Leave out the pictures and restate exactly, and only, the lines from the one that contains "verre transparent (coloré)" through the final line of the material below.

Extracted information:

•••••

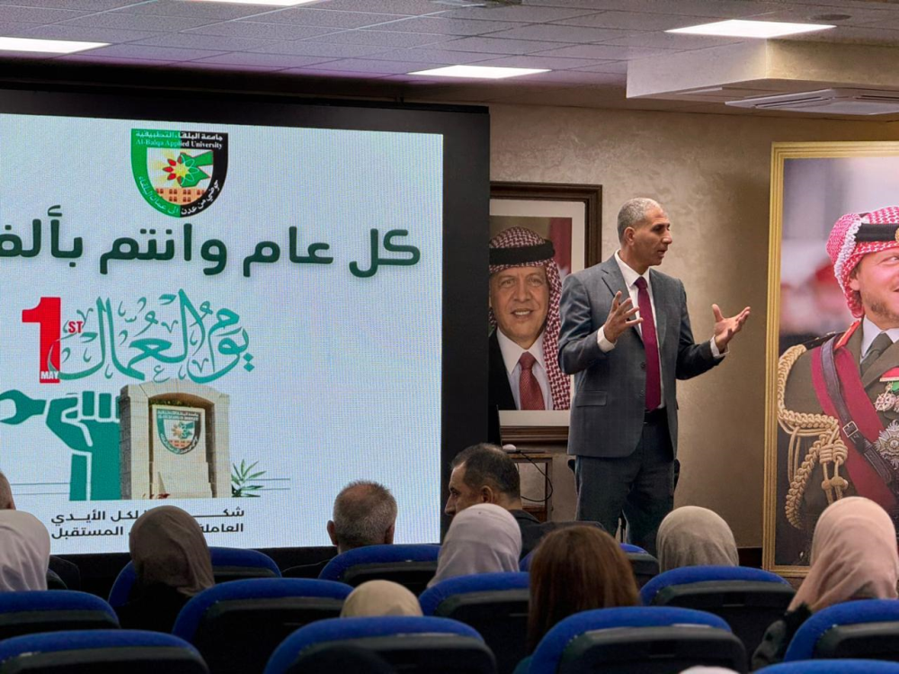 تحت توجيهات رئيس جامعة البلقاء التطبيقية الأستاذ الدكتور أحمد فخري العجلوني، نظّمت كلية عجلون الجامعية فعالية بمناسبة يوم العمال العالمي لتكريم العاملين فيها. حضر الاحتفال عميد الكلية الدكتور وائل الربضي ونائب العميد الدكتور أيمن فريحات، إضافة إلى أعضاء الهيئتين الأكاديمية والإدارية وموظفي الأمن وفريق الحماية وعدد من العاملين في الكلية.
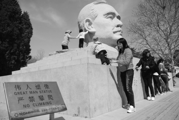由于公园里开放的鲜花很少,不少游客围着仅有的几株梅花不停地拍照,有的游客将孩子抱到树杈上,有的干脆折了枝花拿在手里把玩。在这些盛开的花树下,花瓣也被人为地摇落了一地。
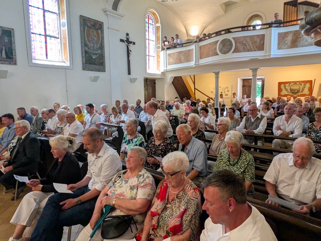 Mit einem feierlichen Festakt am 29.06.2025 konnte der Förderverein Wallfahrtskirche Maria Zell sein 770-jähriges Jubiläum gebührend feiern. Die Kapelle war sehr gut besucht. Eröffnet wurde der Festakt mit einem Arrangement für Orgel und Trompete, "Highland Cathedral", von Markus Bogenschütz an der Zeller Orgel und Bernd Locher an der Trompete. Die Begrüßung der zahlreichen Gäste, u.a. Bürgermeister Philipp Hahn, Dekan Michael Knaus, Pfarrer Professor Achim Buckenmaier, Burgverwalterin Anja Hoppe, erfolgte durch die Ortsvorsteherin Meta Staudt. Passend zur herrlich ausgeschmückten Wallfahrtskirche umrahmte das Querflötenensemble der Jugendmusikschule Hechingen unter der Leitung von Hanns Stefan Doege die Feier musikalisch. Bürgermeister Hahn, als "Hausherr", hiess die Gäste ebenfalls willkommen. Er ging in seiner Ansprache auch auf die Geschichte des Kirchleins ein. 1255 am Silvestertag die Erstnennung der Siedlung "Zell" durch Werner von Zell. Bewiesen wurde dies im Steuerregister von Konstanz aus dem Jahr 1275 als "Cella". Eine große Rolle in der Geschichte spielt natürlich der Förderverein unter Vorsitz von Peter Beck, der seit der Gründung im Jahr 1998 bis heute Vorsitzender des Vereines ist. Dass das Schmuckstück heute so gut dasteht ist zu einem großen Teil seinem Engagement und seinen Mitstreitern zu verdanken. Zur derzeit noch gesperrten Zufahrt nach Maria Zell konnte er den Anwesenden eine frohe Botschaft überbringen. In den Sitzungen des Ortschaftsrates und des Bauausschusses im Juli soll die Baumaßnahme möglichst noch dieses Jahr auf den Weg gebracht werden. Hierfür sind im städtischen Haushalt € 320.000,-- eingestellt. Nach einem weiteren Vortrag durch das Querflötenensemble unterhielten sich in einem Dialog über das Thema Wallfahrten Dekan Michael Knaus und Pfarrer Professor Achim Buckenmaier durchaus kurzweilig. Födervereinsvorsitzdender Peter Beck ging nochmals darauf ein, dass es die Wallfahrtskirche heute auch gar nicht mehr geben könnte Durch die Erdbeben 1970 und 1978 wurde das Kirchlein jeweils schwer beschädigt und es stand auf der Kippe, ob eine Renovierung nochmals Sinn macht. Es wurde damals ein erster Förderverein gegründet unter dem Vorsitzenden Walter Renner. 1982 konnte unter Geläut der alten Glocke den Unterstützern gedacht werden. Becks Dank galt auch den anwesenden Mitgliedern der beiden Fördervereine, städtischen Verantwortlichen, Geistlichen, Handwerkern, Künstlern, Vereinen, Firmen, Unternehmen und allen, die sich um den Erhalt von Maria Zell bis heute verdient gemacht haben. Ein besonderes Dankeschön übergab Meta Staudt an Karola Beck. Die Ehefrau des Vereinsvorsitzenden hält diesem nämlich stets den Rücken frei und kümmert sich auch um den Blumenschmuck in der Kirche.
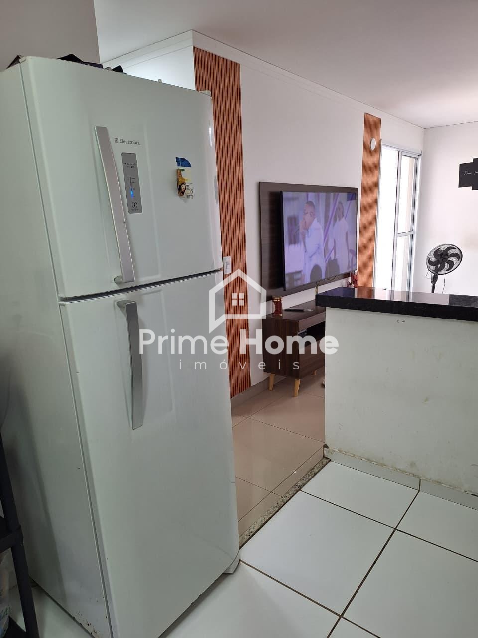 A cozinha é funcional e moderna, com bancada em pedra e equipada com geladeira e Cooktop, integrada à área de serviço, otimizando o espaço. O banheiro social possui armário e box, garantindo comodidade. Todo o apartamento possui piso em porcelanato, trazendo um acabamento elegante e de fácil manutenção.
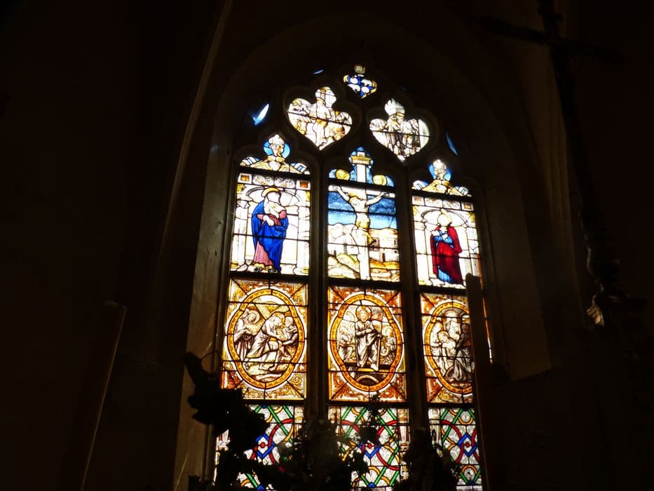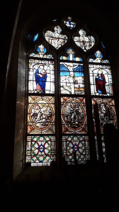 verre transparent (coloré) : grisaille sur verre, jaune d'argent ; plomb (réseau)
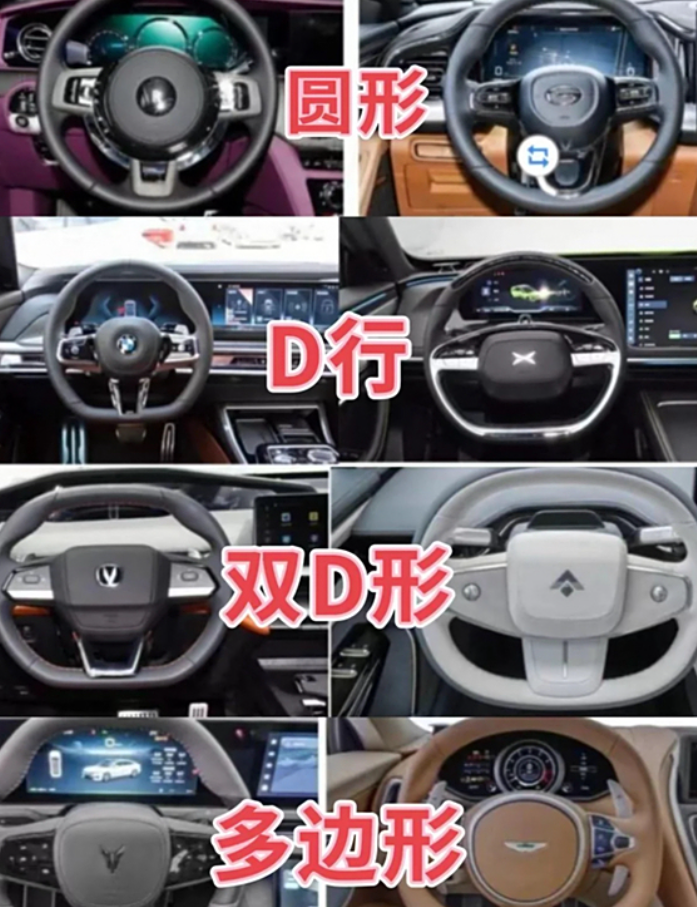 方向盘的分类可以从两个角度,一个是方向盘的形状,一个是方向盘有几辐,那我么就分别来讲一讲。 从方向盘的形状来分的话,主要分类圆形方向盘/ D形方向盘/双D形方向盘/多边形方向盘。 圆形方向盘:最为经典,使用频率最高。 D形方向盘:方便驾驶员进出车辆时不蹭到方向盘。 双D形方向盘:方便看仪表盘,开扬性强。 多边形方向盘:使用频率低,赛车上使用的更频繁一些。 从方向盘的副数来分类的话,主要有半辐方向盘/两辐方向盘/三辐方向盘/四辐方向盘。 半辐方向盘:直接将方向盘的最上部削掉,以追求最大视野。 两辐方向盘:使用频率低,设计出来显得比较笨重,不好看。 三辐方向盘:也就是T字型方向盘,实际意义不大,主要做陪衬,第三幅主要以设计为主,整体更加的偏向动感。 四辐方向盘:跟三幅式一样,主要做装饰作用,用的频率也不高,因为比较笨重比较大,所以一般都用在中大型车上。
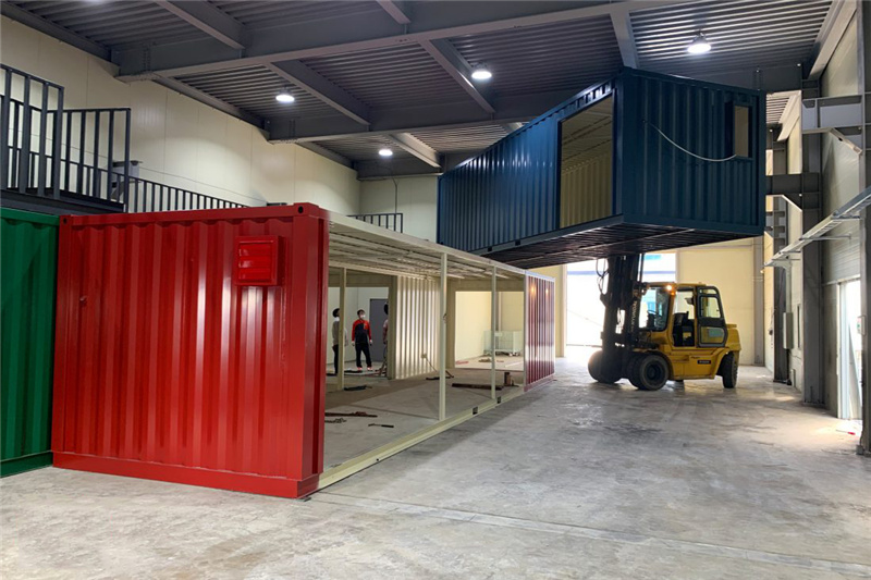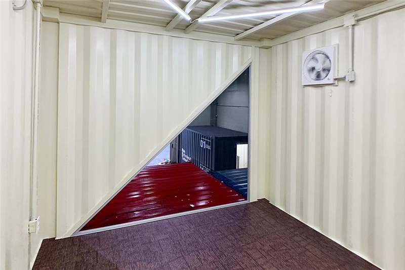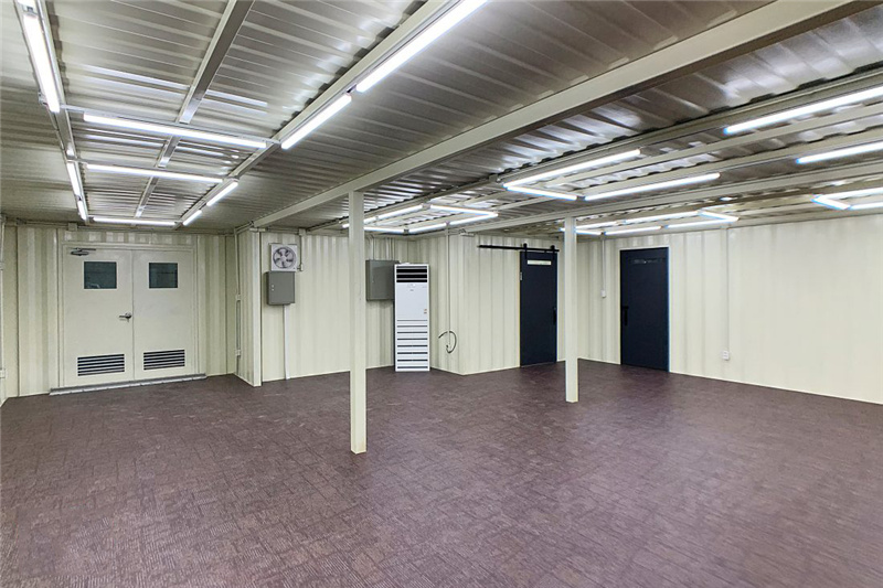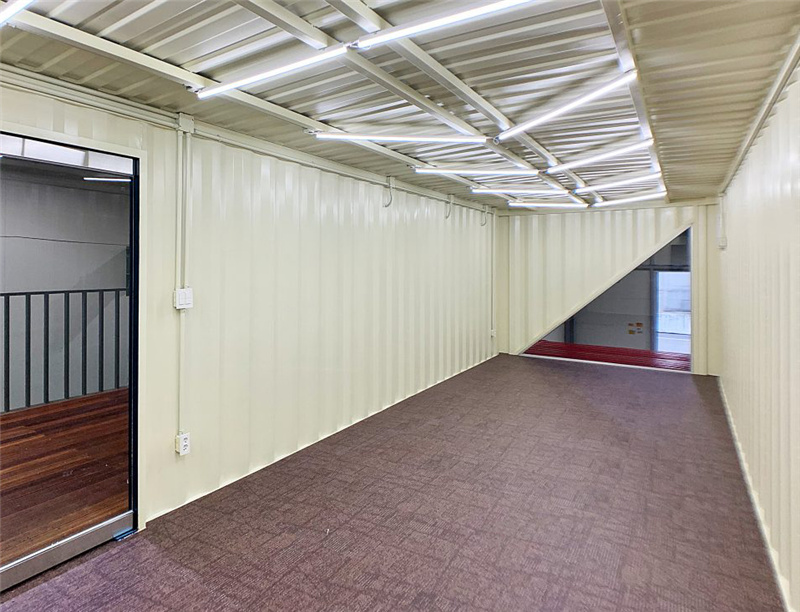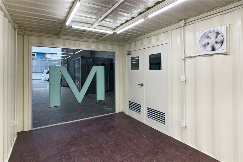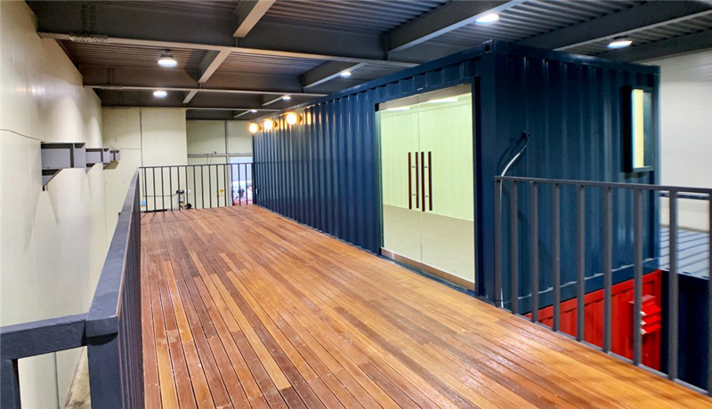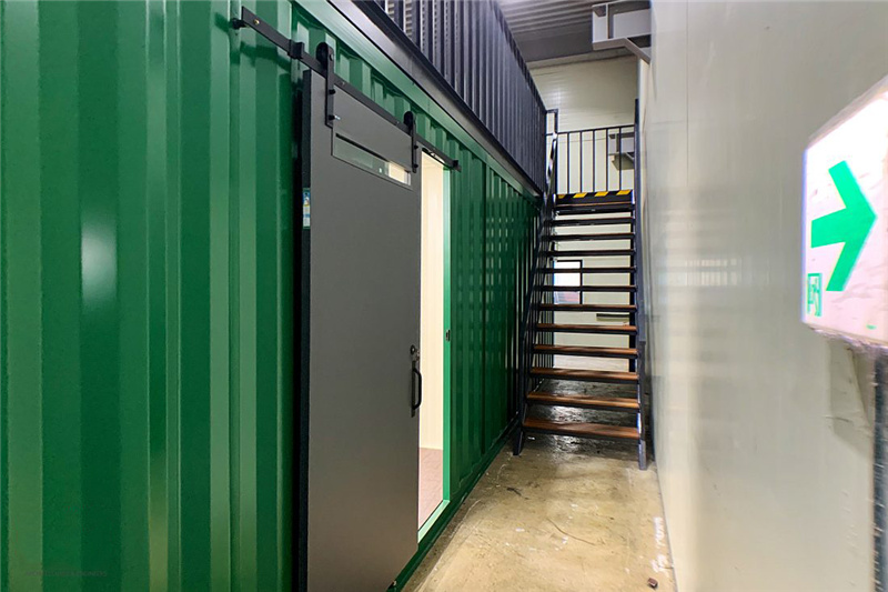 該集裝箱模塊是非絕緣材料,外墻飾面經(jīng)過防銹處理,并覆蓋指定彩色油漆,屋頂平臺鋪設(shè)有天然的木甲板。箱身上開設(shè)的窗戶材料是THK16固定鋼化玻璃,二層的出入口也是鋼化門。

•••••

Response box:
 verre transparent (coloré) : grisaille sur verre, jaune d'argent ; plomb (réseau)
 方向盘的分类可以从两个角度,一个是方向盘的形状,一个是方向盘有几辐,那我么就分别来讲一讲。 从方向盘的形状来分的话,主要分类圆形方向盘/ D形方向盘/双D形方向盘/多边形方向盘。 圆形方向盘:最为经典,使用频率最高。 D形方向盘:方便驾驶员进出车辆时不蹭到方向盘。 双D形方向盘:方便看仪表盘,开扬性强。 多边形方向盘:使用频率低,赛车上使用的更频繁一些。 从方向盘的副数来分类的话,主要有半辐方向盘/两辐方向盘/三辐方向盘/四辐方向盘。 半辐方向盘:直接将方向盘的最上部削掉,以追求最大视野。 两辐方向盘:使用频率低,设计出来显得比较笨重,不好看。 三辐方向盘:也就是T字型方向盘,实际意义不大,主要做陪衬,第三幅主要以设计为主,整体更加的偏向动感。 四辐方向盘:跟三幅式一样,主要做装饰作用,用的频率也不高,因为比较笨重比较大,所以一般都用在中大型车上。
 該集裝箱模塊是非絕緣材料,外墻飾面經(jīng)過防銹處理,并覆蓋指定彩色油漆,屋頂平臺鋪設(shè)有天然的木甲板。箱身上開設(shè)的窗戶材料是THK16固定鋼化玻璃,二層的出入口也是鋼化門。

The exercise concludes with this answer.